# 7900 vs. 9000 left 2X shifter



## havanabama (May 11, 2010)

What's the difference? Crashed, broke left 2X 7900. Found 9000 left 2X on ebay.


----------



## JSWhaler (Nov 25, 2009)

Big differences. Besides shape and feel 10 speed vs 11 speed shifting. The left side ie front shifting will not be smooth as the fd has been redisgned. You will need another 7900 shifter for it to work or upgrade most of your Groupset.


----------



## Cinelli 82220 (Dec 2, 2010)

9000 will have more cable pull because of the longer arm on the front derailleur.


----------



## Lombard (May 8, 2014)

Cinelli 82220 said:


> 9000 will have more cable pull because of the longer arm on the front derailleur.


Yes, cable pull ratios are different. You cannot mix different generations. However, if you don't care about appearance, you can use a 6700 or 5700 shifter.


----------



## nhluhr (Sep 9, 2010)

Lombard said:


> Yes, cable pull ratios are different. You cannot mix different generations. However, if you don't care about appearance, you can use a 6700 or 5700 shifter.
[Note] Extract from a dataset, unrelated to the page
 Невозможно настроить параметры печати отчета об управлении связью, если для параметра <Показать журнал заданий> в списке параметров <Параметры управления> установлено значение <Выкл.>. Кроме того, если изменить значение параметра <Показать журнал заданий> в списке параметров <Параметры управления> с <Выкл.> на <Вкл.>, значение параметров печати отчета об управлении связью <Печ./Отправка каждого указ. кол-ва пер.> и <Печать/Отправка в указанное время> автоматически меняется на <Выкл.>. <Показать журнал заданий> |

Using a ST-5700 or ST-6700 front shifter on a FD-7900 is not a recommended compatible configuration. http://productinfo.shimano.com/download/?path=pdfs/archive/2012_Compatibility_en.pdf

The 7900 setup is designed to have no big chainring trim position and as a result, using the 5700/6700 shifter with 7900 front derailleur may result in some slight rubbing here and there since its cage is shaped differently. It will work, just not what you'd call 'optimal'.


----------